The here and now is our reality. It is not our "new" normal. It is life as we know it in the here and now and it will change; and keep changing. It will not go back to the "old" normal and we have no way of imagining what a "new" normal will be. Indeed, a new normal may be, at least for the near future, a state of continual change.


What is clear is that we must not stop living. We must not stop loving our neighbor. We must not stop being God's people in the world. We must not stop reorienting ourselves to this new and challenging world. We must not stop renewing our vows as Christ's anointed. We must not – not ever – stop listening to and being inspired by the Holy Spirit – our advocate – our gift from God.


Perhaps, more than originally conceived, this is the Diocese of the Central Gulf Coast's Jubilee Year. Perhaps this COVID-19 challenge with its mandate that we pause from the hectic turmoil of our everyday life is God's way of placing us in a position that forces us to remember, reorient, and renew.


Will we step up to the challenge? Will we with courage, strength, and the inspiration that comes to us through the Holy Spirit let go of the "old" normal and live with the reality of today and the uncertainty of tomorrow? Will we allow our imaginations to take us into new and exciting ways to spread God's good news, his love, into a world that is so filled with pain?


Should we be able to come together in a Jubilee Revival Celebration in December, will we be celebrating our good works of the year past? Will we be a people expressing through song and prayer the joy and bounty that we have reaped despite the overwhelming challenges of COVID-19? Will we be celebrating the remembering, reorienting, and renewing of God's Kingdom in the Episcopal Diocese of the Central Gulf Coast?
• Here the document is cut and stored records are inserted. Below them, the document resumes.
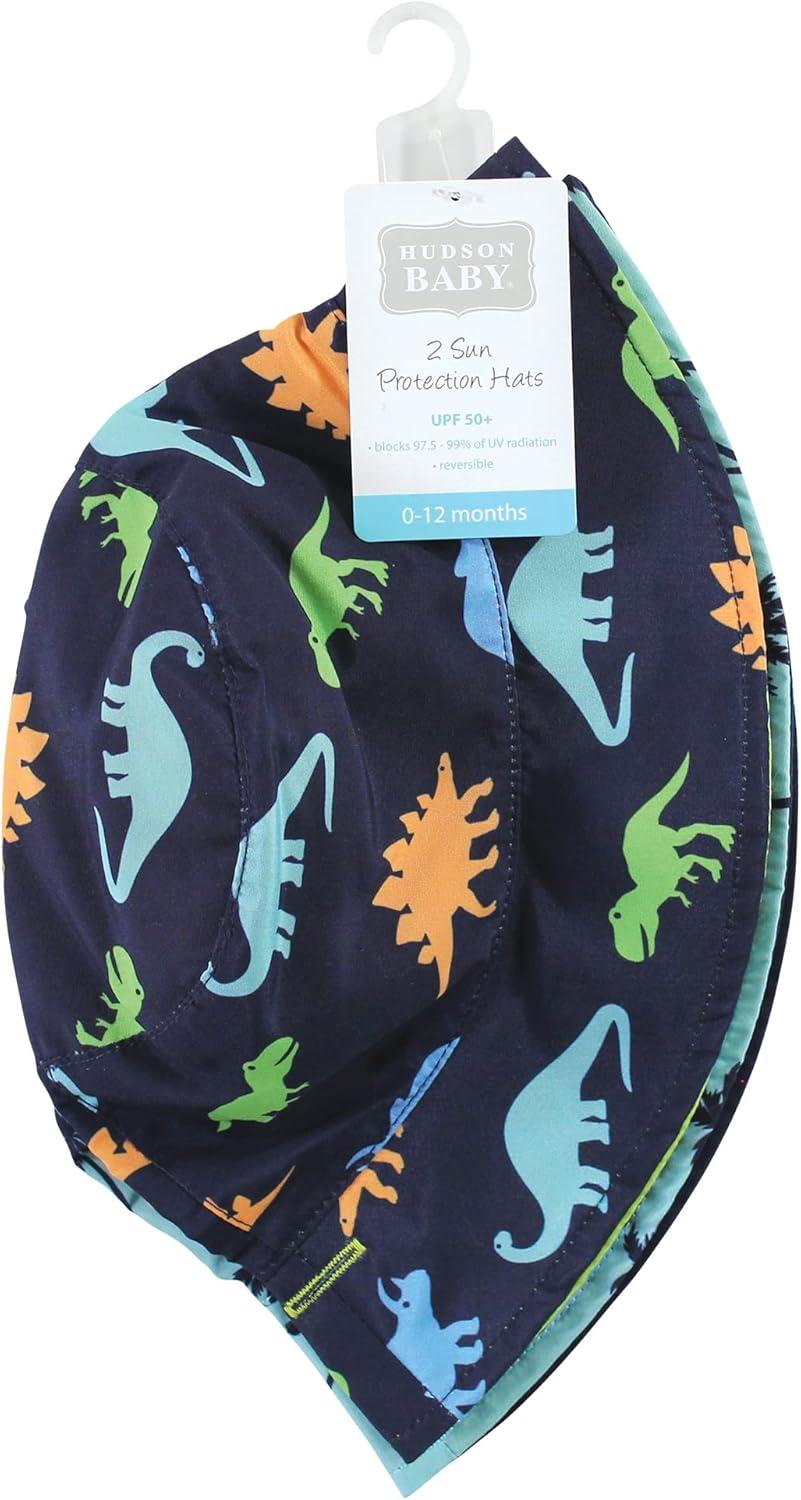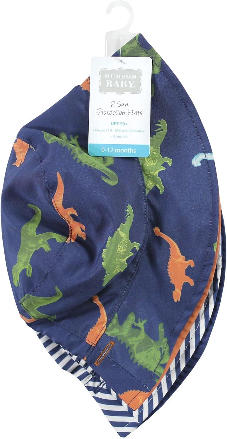 imageHudson Baby Unisex Baby 4Pc Sun Protection Hat Dino Stripe Dinosaur Palm Tree 1224 MonthsCritters Plaid Sea Turtle Stripe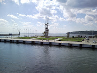 przeciwpiechotne i przeciwpancerne a także kilka ciężkich schronów bojowych, ten na plaży otwarty, w środku jednak mnóstwo butelek i puszek po alkoholu.. Godz. 6:20 - szukamy kasy z biletami na tramwaj wodny. Kasy jednak otwierają za 2h. Udajemy się więc w poszukliwaniu miejsca gdzie można wypić kawę czy herbatę. Nawet miejscowi mieli problem by nam wskazać coś otwartego o tej porze. W końcu udaje nam się dostać kawę w hotelu "Pod Orłem".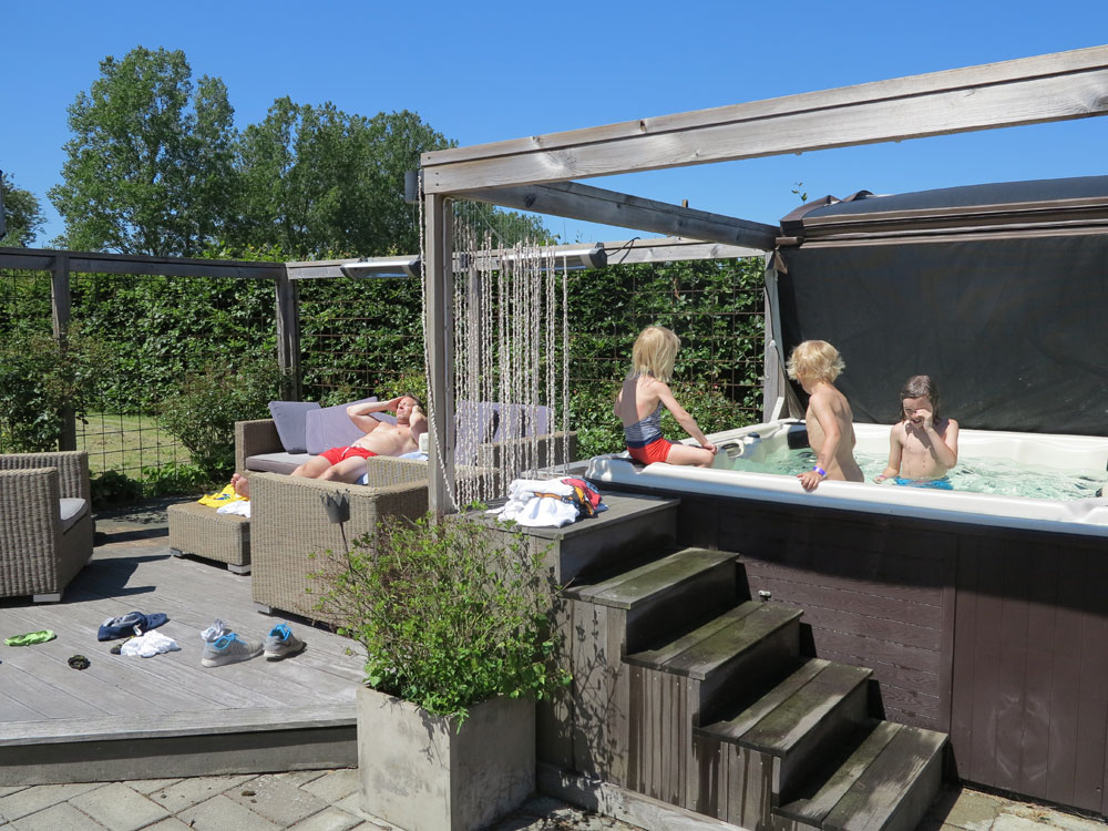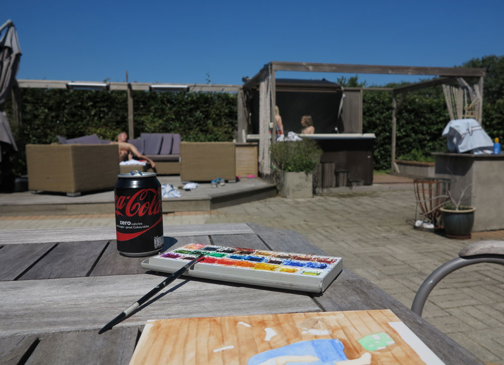 Sen hängde vi ett par timmar vid poolen innan det var dags för avfärd. Barnen badade, Jonas solade, jag sög åt mig av Kiviks konstnärliga vibbar och målade det sista till barnboken om Dante inför mötet med Caroline nästa vecka.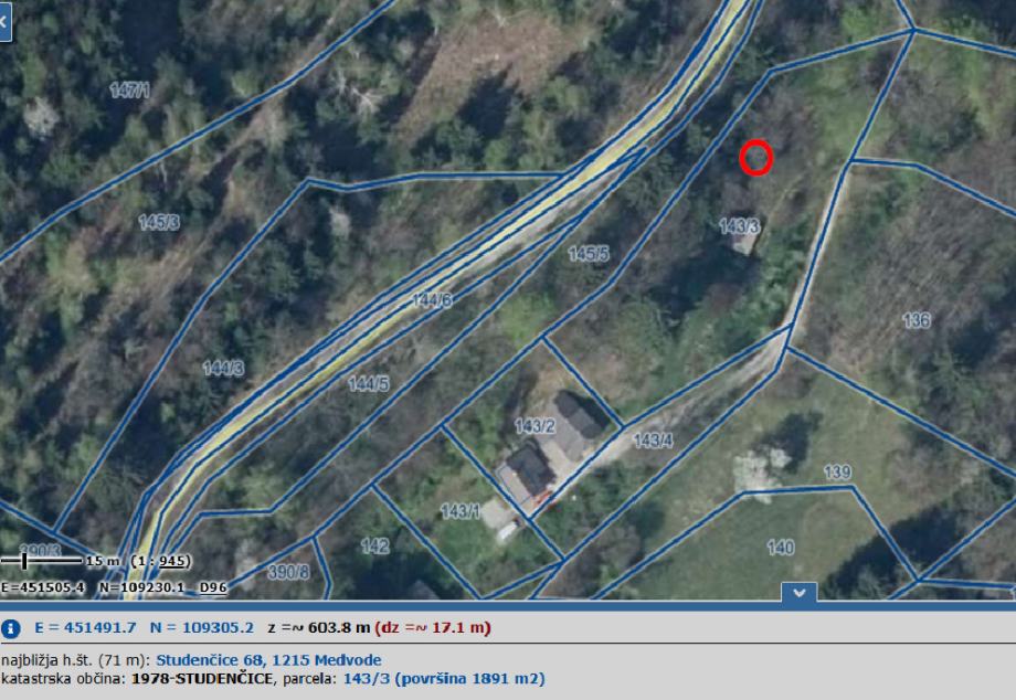 Stavbno zemljišče v vasi Studenčice, 5 km od Medvod na nadmorski višini cca.500-600 m. Do pacele je asfaltirana cesta. Možnost priključitve vodovoda in elektrike. Cena: 75 €/m2. Gre za del parcele 143/3, KO 1978 Studenčice.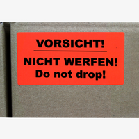 Hinweisetiketten NICHT WERFEN (10 x 5 cm)Pro Rolle: 1000 Stück/Etiketten1/0-farbig bedruckt (einseitig schwarz)Rotes, einseitig gestrichenes Leuchtfarbenpapier 76 g/m²Endformat: 10 x 5 cmRollendurchmesser: 3 Zoll (ca. 76 mm)Etiketten außenliegend auf Rolle, Fuß voraus...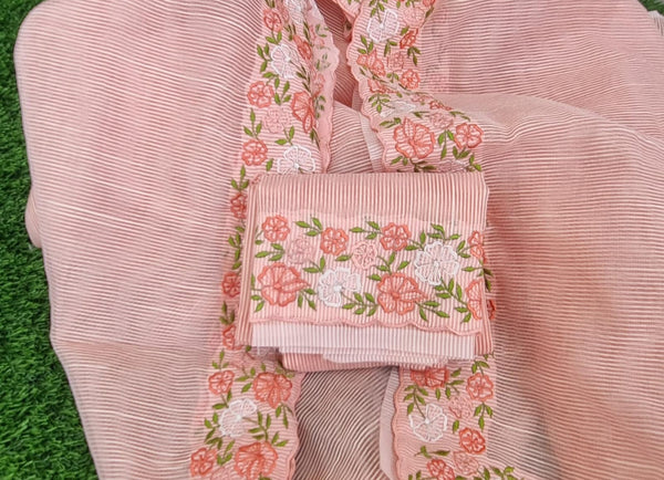 "Delicate Pink Linen Cutwork Saree with Matching Blouse"

Lord God of all creation, fill us with your grace as we remember your kindness and goodness to us, through providence and through struggle; and let the trumpets proclaim the year of the Jubilee, a year of the Lord's favor, as we dedicate ourselves to reorient our mission efforts to renew your Gospel in our midst. May your Spirit inspire us we pray in the name of your Son, Jesus Christ our Lord. AMEN.